Flag Challenge Poll #21

Vote for your favorite flag

  • Flag #1

    Votes: 7 28.0%
  • Flag #2

    Votes: 3 12.0%
  • Flag #3

    Votes: 1 4.0%
  • Flag #4

    Votes: 0 0.0%
  • Flag #5

    Votes: 2 8.0%
  • Flag #6

    Votes: 2 8.0%
  • Flag #7

    Votes: 2 8.0%
  • Flag #8

    Votes: 1 4.0%
  • Flag #9

    Votes: 3 12.0%
  • Flag #10

    Votes: 4 16.0%

  • Total voters
    25
  • Poll closed .
Here is the original challenge and here is the Disscussion and Entry Thread. Begin voting!! :D

Flag #1

Following the German surrender to the Americans in Berlin in 1945, with the Anglo-American allies thoroughly dissatisfied regarding the conduct of the two continental powers, the area of the soon-to-be UPCE (a misnomer yes, though when the name and flag were adopted the area beyond the Iron Curtain was deemed outside of 'Europe') were set aside and a new sovereign state was created. Modelled on the United Provinces of the Netherlands, the constituent regions enjoy considerable autonomy, with the federal level of government having responsibility for Currency and Treasury, International Relations and Trade, and Defense.

The flag was adopted in 1951 after a nation-wide contest and referendum.
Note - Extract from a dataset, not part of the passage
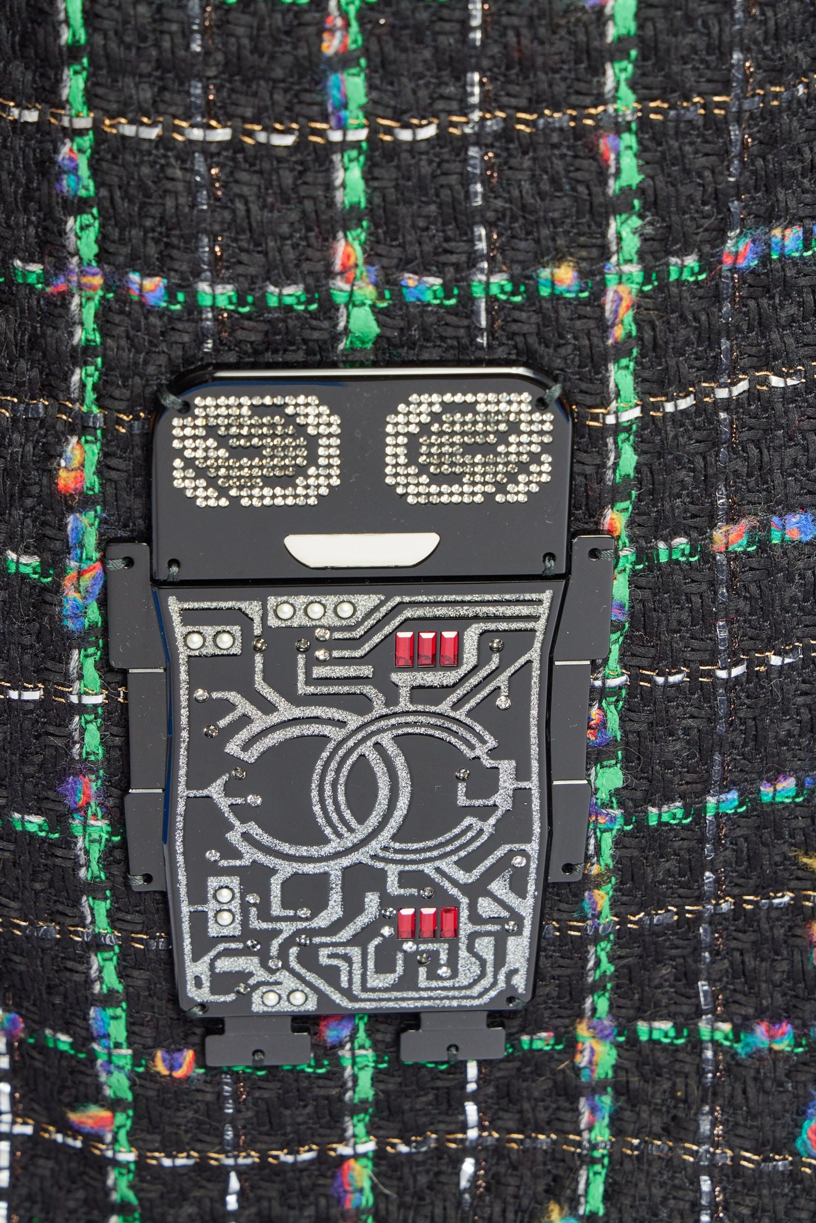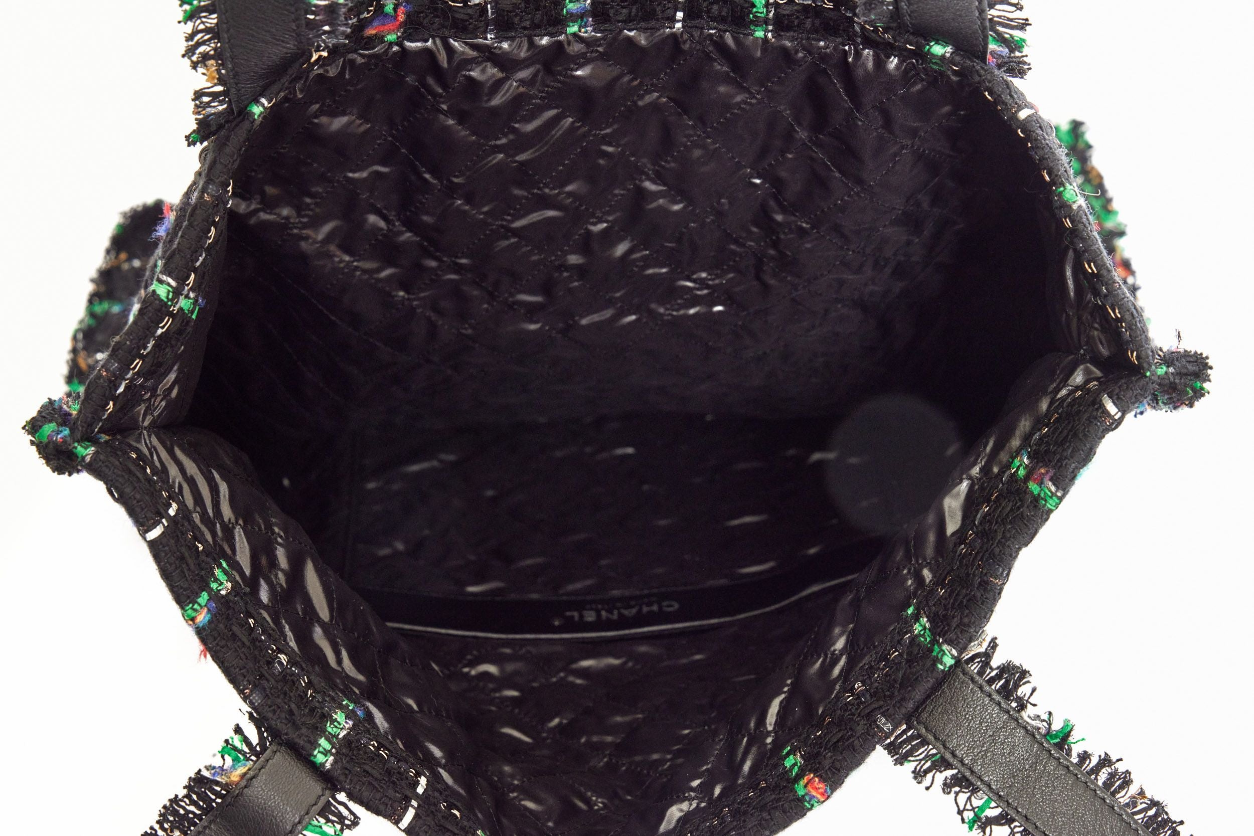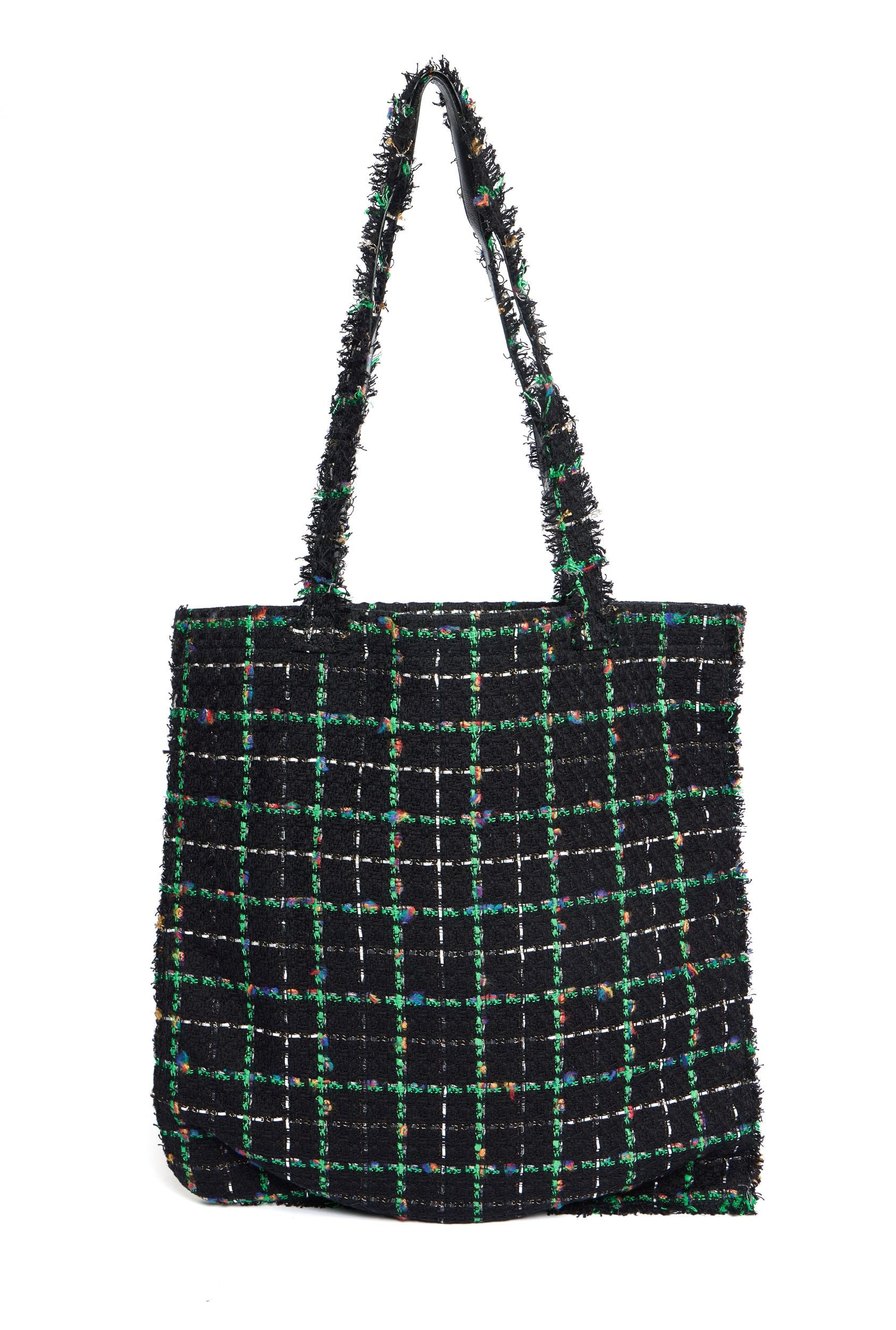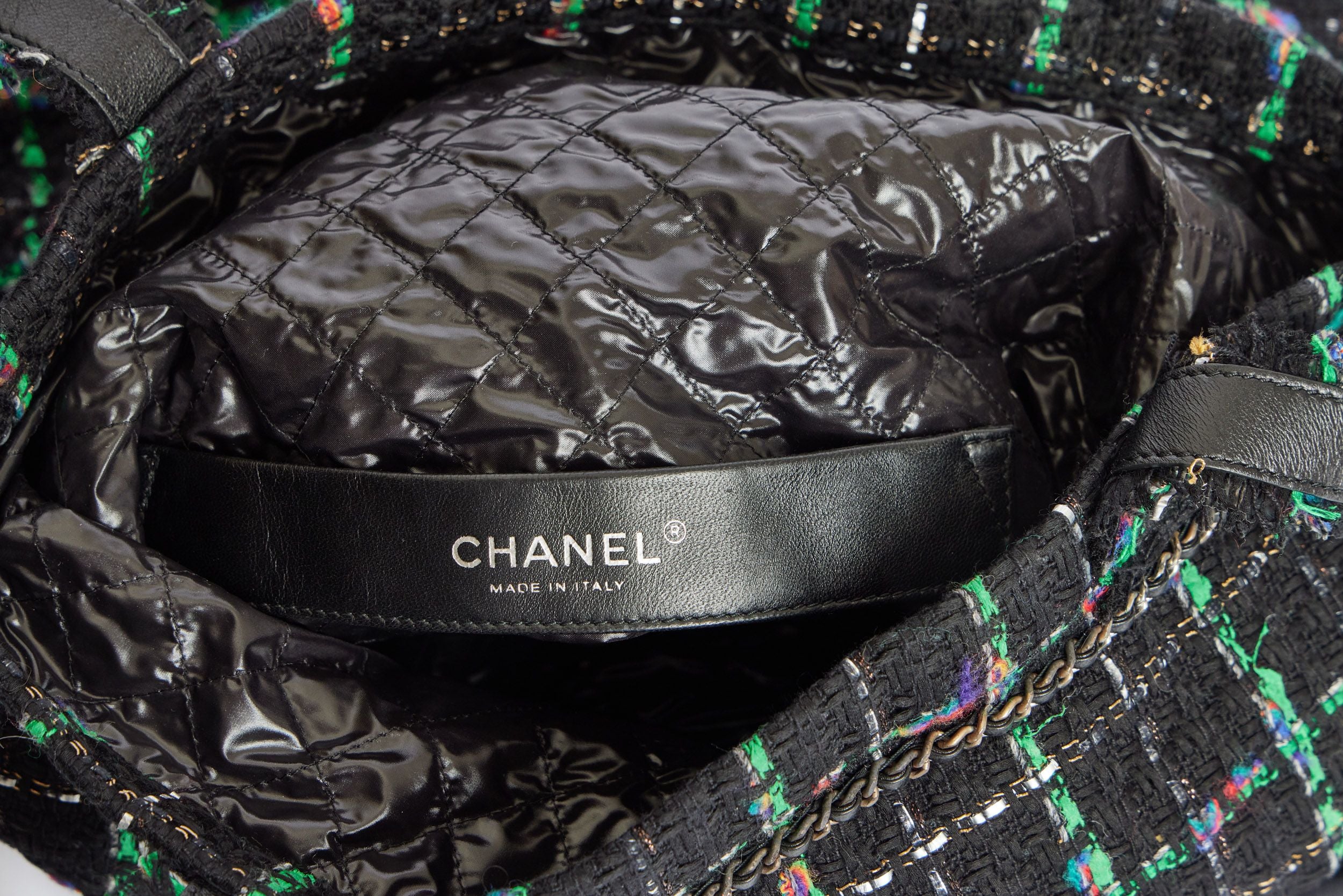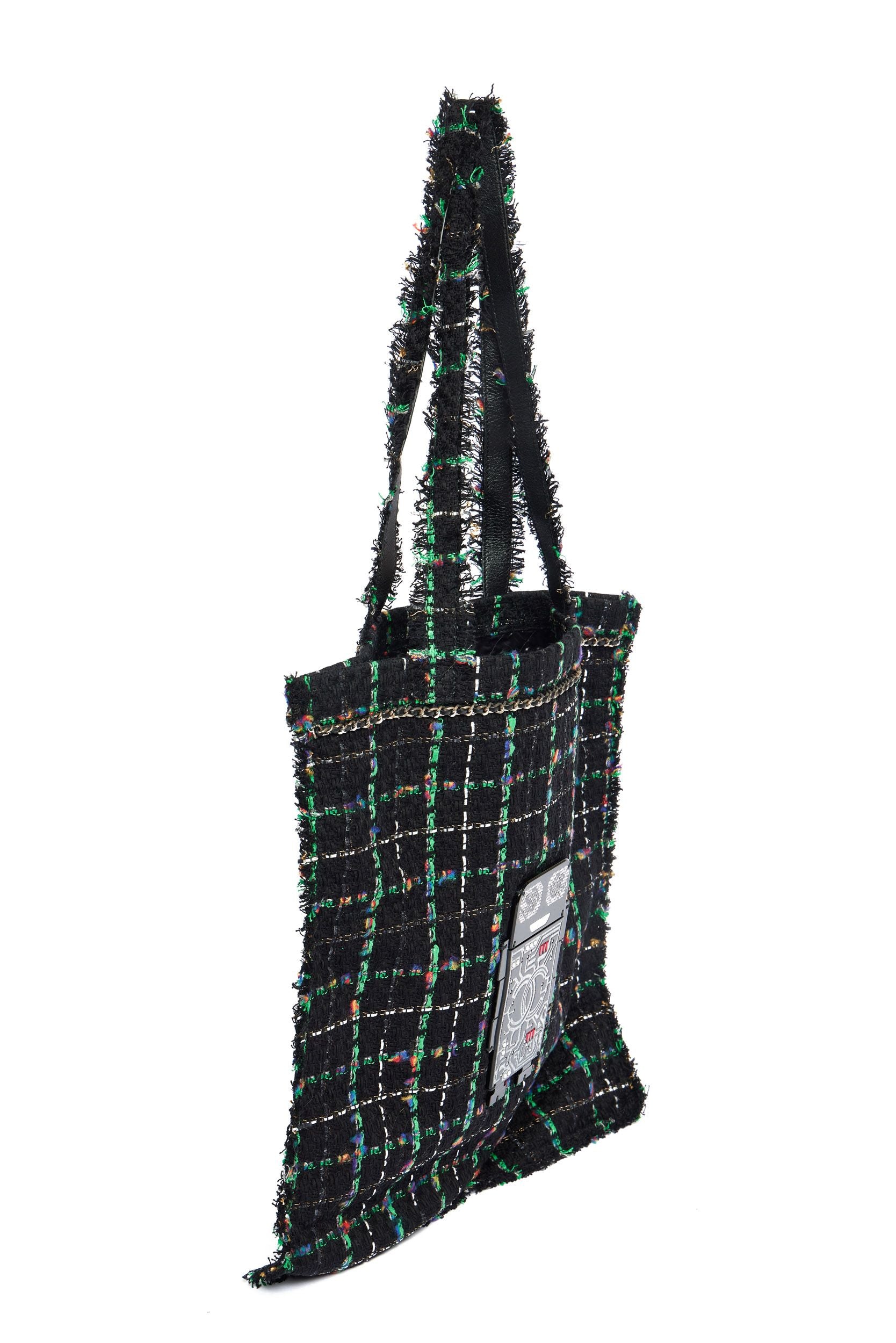 Chanel tote bag from the Robot Collection in black and green weaved tweed. On front of the bag is a robot attached whose body shows a big CC logo and his eyes are made of small rhinestones. The shoulder drop of the tweed and leather strap is 11’. The interior is made out of black PVC and has one pocket. The bag comes with the authenticity card (23, year 2017) is wrapped in paper and packed in the original dust bag.

The traditional colours and tri-colour pattern were generally rejected by designers. The symbol of the lion from many of the regions included (Netherlands, Belgium, Lotharingia of the past, etc.) was kept however, reworked so the king-of-beasts is in a defensive yet vigilant posture, looking out over the borders (the fly).

The UPCE remains an irritant to France and Germany, a staunch ally of Britain and America, and a vibrant, multi-cultural society.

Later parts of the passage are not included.